The following excerpt from the latest Bloomberg Businessweek seems to signal a stimulated economy.

Deposits in banks … soared 15 percent last year, to $3.9 billion, after rising 27 percent in 2011, according to preliminary data from the Federal Reserve Bank of Minneapolis. “By any standard, deposits are exploding,” says Ron Feldman, senior vice president for supervision, regulation, and credit at the Minneapolis Fed.

The surge has attracted investors and developers eager to meet the rising demand for housing, retail, entertainment, and other services. Since 2009 the number of new businesses has grown by almost 50 percent …, according to Federal Reserve data, compared with 5 percent growth for the rest of North Dakota and 3 percent nationally.

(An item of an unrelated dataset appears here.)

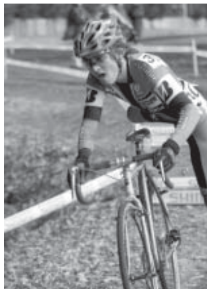
3位の鈴木雷太が人工障害物をクリアする

しかし8周目、外周コースの南側で(フィニッシュは北側)小平がアタックし差を広げる。その差は最終コーナー

For rural banks, where agricultural loans remain a mainstay, that’s brought a gusher of out-of-town customers such as Mark Bragg, who moved to North Dakota from Palm Springs, Calif., less than two years ago. Bragg is planning the largest mixed-used development in Watford City, a $250 million project spanning 320 acres and featuring apartments, hotels, single-family homes, offices, and a shopping center. “California is in such financial trouble,” says Bragg, president of Bakken Housing Partners, which has loan proposals pending with First International Bank and other lenders. “I had to go somewhere else, where they are welcoming the economic activity.”

At McKenzie County Bank in Watford City, where the lobby walls are decorated with clients’ hunting trophies—bear, deer, and buffalo—people come in the door almost daily, looking for loans for projects ranging from hotels to auto repair shops.

Is this the result of government spending? Of course not.

The North Dakota setting probably gives you enough information to determine the true source of the economic stimulus. If not, you should know that filling in the first ellipsis in the quotation above provides a valuable piece of information: Deposits soared in banks “with branches in the Bakken shale region.”

Yes, this real economic stimulus results from fracking.